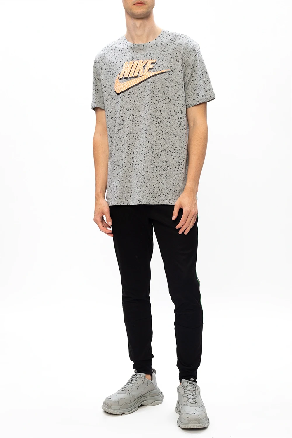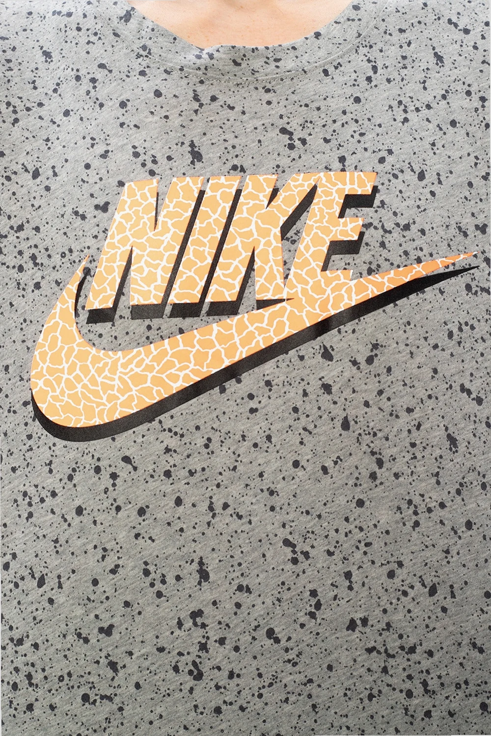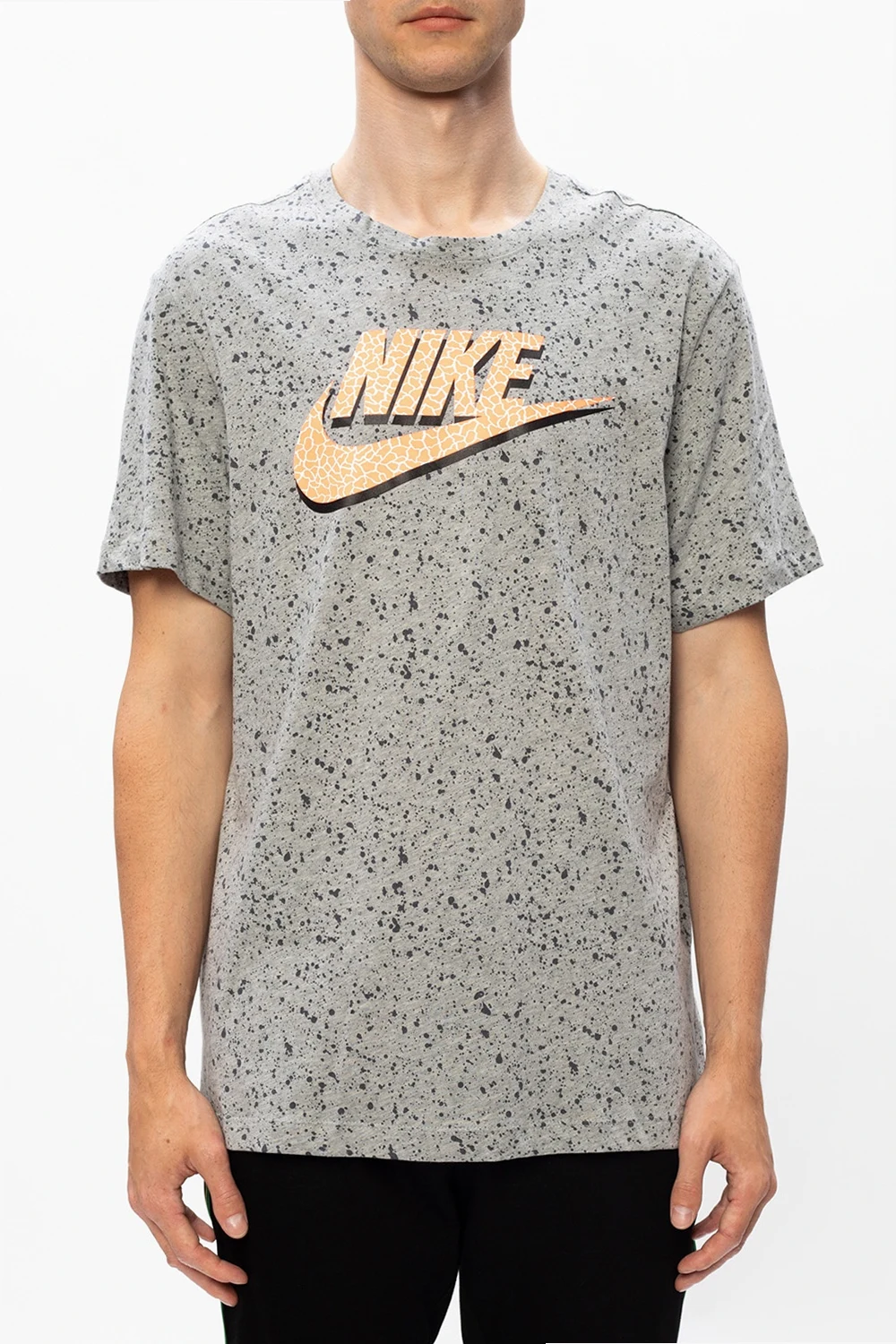 Grey T-shirt from Nike. Crafted from cotton, this item features a round neck and short sleeves and is enriched by a black pattern and a logo print in yellow, black and white
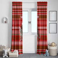Tajikistan Christmas Window Curtain with Santa Riding Snow Leopard National Emblem and Red Holiday Pattern TS04
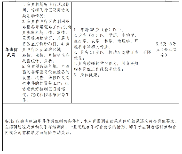 湘西边城机场长期招聘航空管制员/鸟击防范员
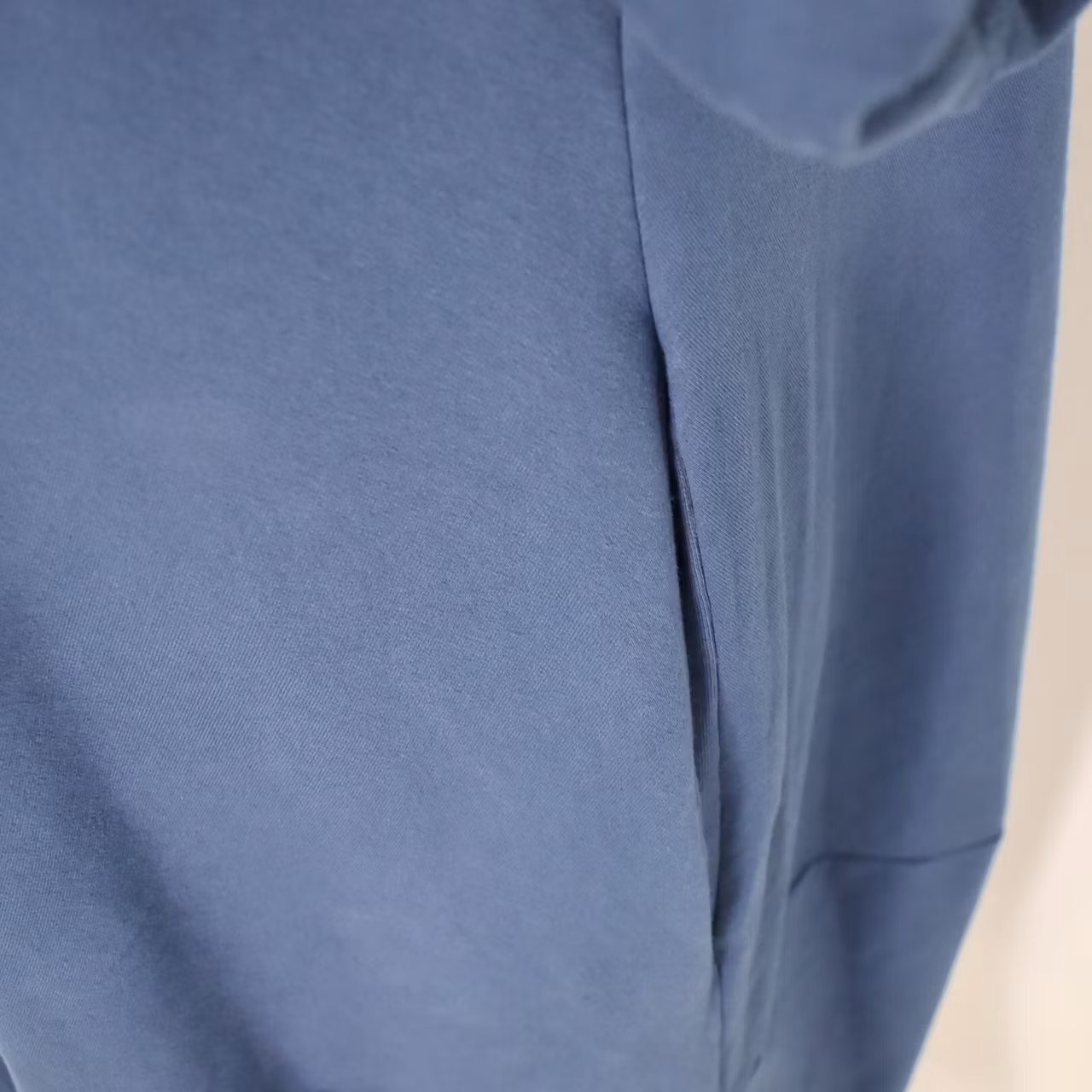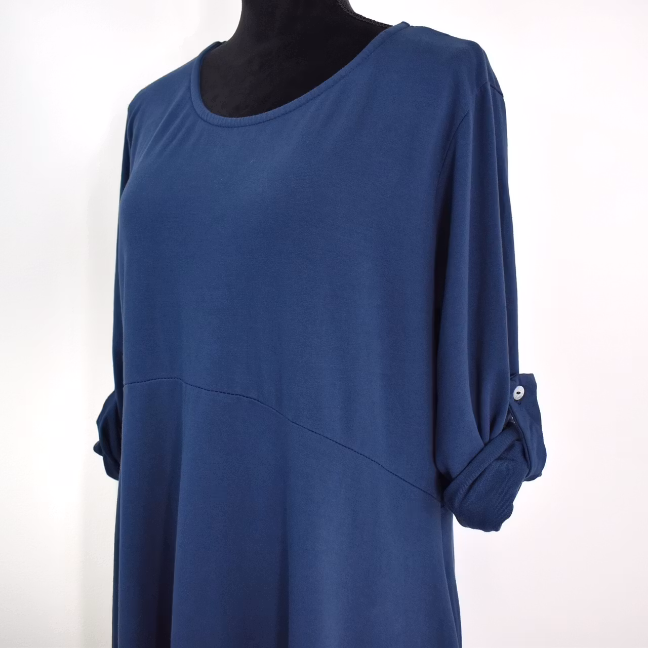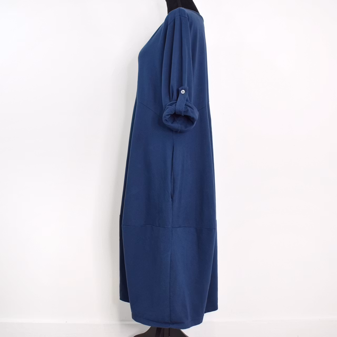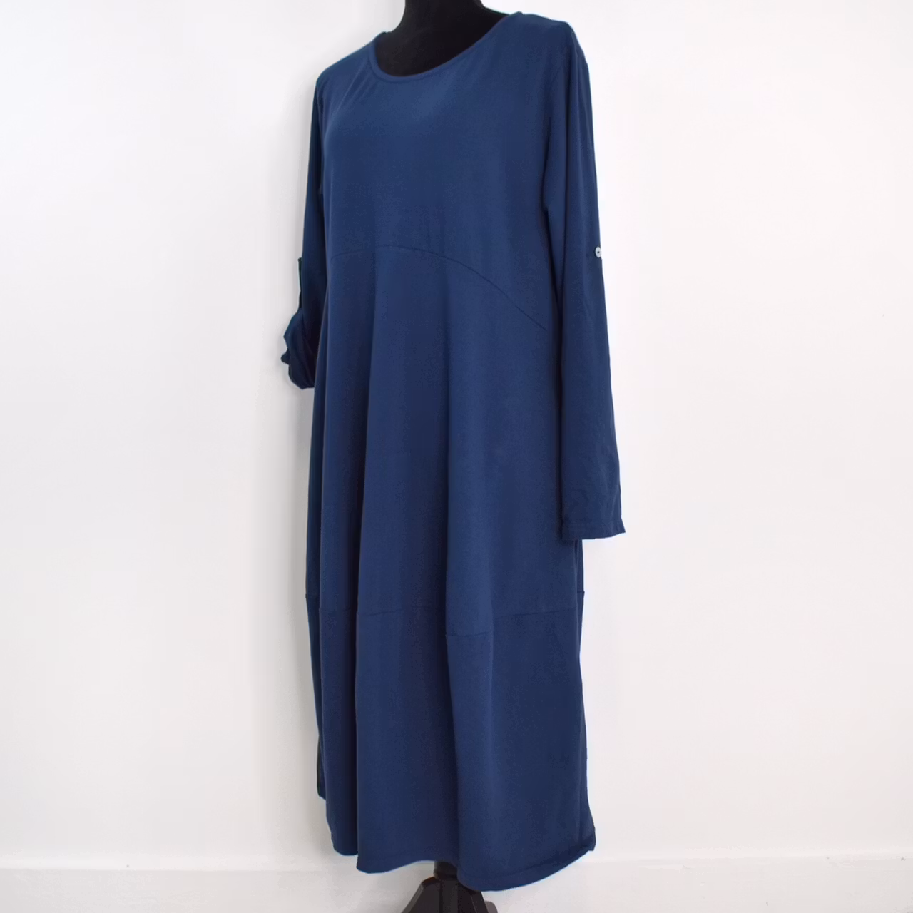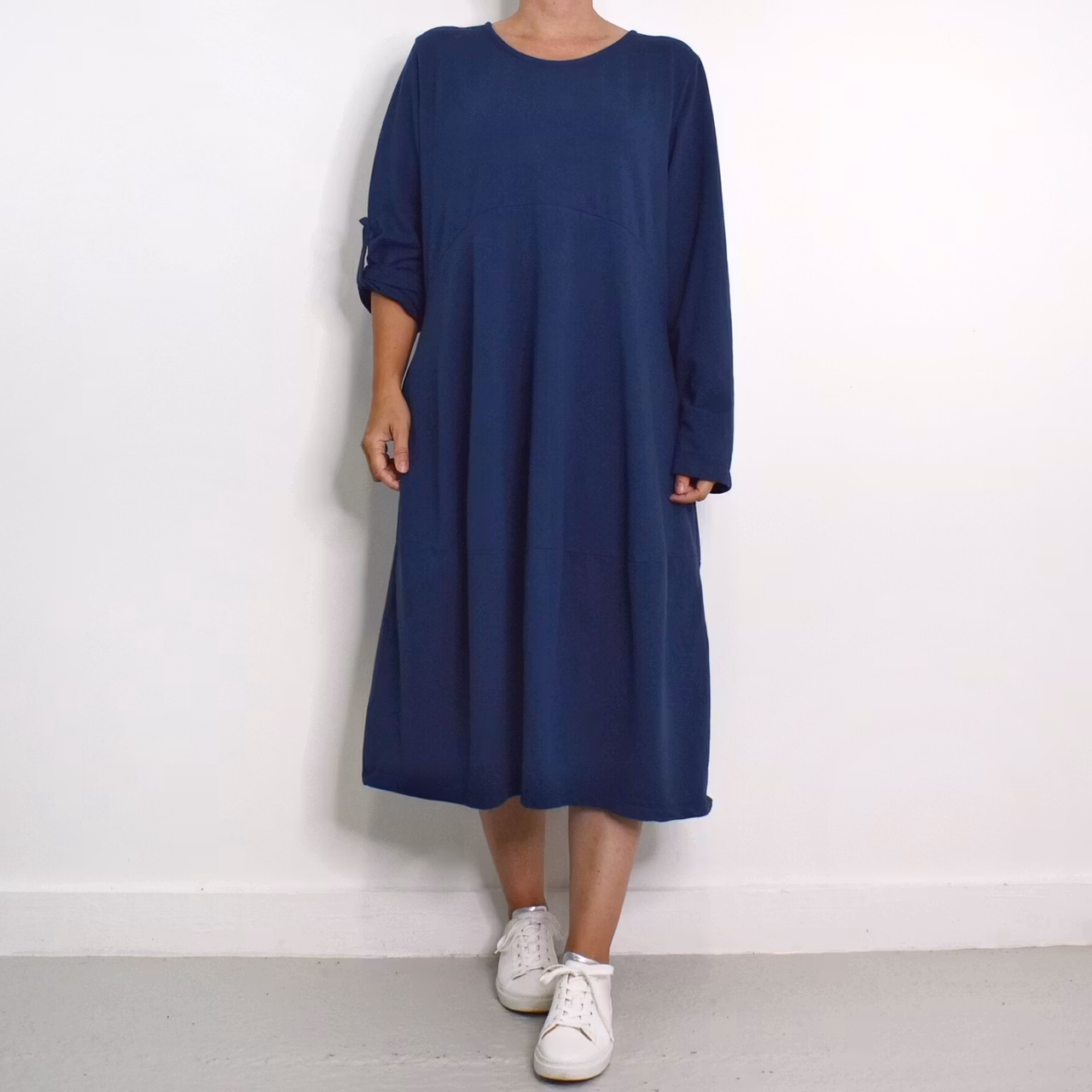 Det här är en fin och skön medellång klänning i tunt, mjukt sweatshirt-tyg. Halsen är enkelt rundad och det finns gömda fickor i sidorna. Det är en härlig vidd i den något ballongformade nederdelen och passformen är avslappnad. Ärmen är lång men kan fästas upp. Det går en söm under bysten och på ryggen samt en nertill på klänningen. Materialet är töjbart men innehåller inte stretch. Storlekar - S/M & L/XL. Modellen har en bröstvidd på cirka 88cm, är 163cm lång och bär storlek S/M.
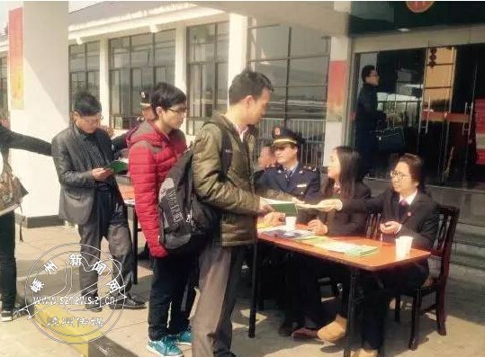 黄泽法庭的法官们在甬金高速黄泽服务区发放各类宣传资料
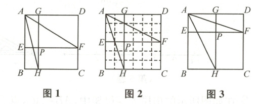 28 (12分)问题:如图1,P为正方形ABCD内一个动点,过点P作$EF// AD$,$GH// AB$,矩形PHCF的面积是矩形PGAE面积的2倍,探索$\angle FAH$的度数随点P运动的变化情况.
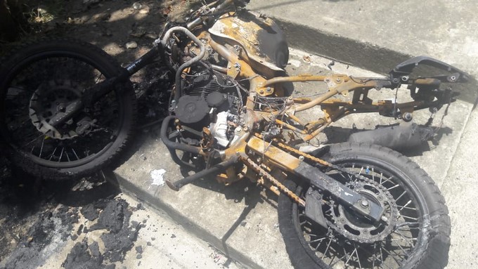 Un ciudadano denunció para Minuto30 que durante el pasado jueves 6 de septiembre un vecino que se encontraba, al parecer, bajo la influencia de alguna sustancia psicoactiva le prendió fuego a la moto de su propiedad.

▸ **Your objective**: Without the pictures, return all the entries above exactly as they stand.

▸ **Answer space**:
 Grey T-shirt from Nike. Crafted from cotton, this item features a round neck and short sleeves and is enriched by a black pattern and a logo print in yellow, black and white
Tajikistan Christmas Window Curtain with Santa Riding Snow Leopard National Emblem and Red Holiday Pattern TS04
 湘西边城机场长期招聘航空管制员/鸟击防范员
 Det här är en fin och skön medellång klänning i tunt, mjukt sweatshirt-tyg. Halsen är enkelt rundad och det finns gömda fickor i sidorna. Det är en härlig vidd i den något ballongformade nederdelen och passformen är avslappnad. Ärmen är lång men kan fästas upp. Det går en söm under bysten och på ryggen samt en nertill på klänningen. Materialet är töjbart men innehåller inte stretch. Storlekar - S/M & L/XL. Modellen har en bröstvidd på cirka 88cm, är 163cm lång och bär storlek S/M.
 黄泽法庭的法官们在甬金高速黄泽服务区发放各类宣传资料
 28 (12分)问题:如图1,P为正方形ABCD内一个动点,过点P作$EF// AD$,$GH// AB$,矩形PHCF的面积是矩形PGAE面积的2倍,探索$\angle FAH$的度数随点P运动的变化情况.
 Un ciudadano denunció para Minuto30 que durante el pasado jueves 6 de septiembre un vecino que se encontraba, al parecer, bajo la influencia de alguna sustancia psicoactiva le prendió fuego a la moto de su propiedad.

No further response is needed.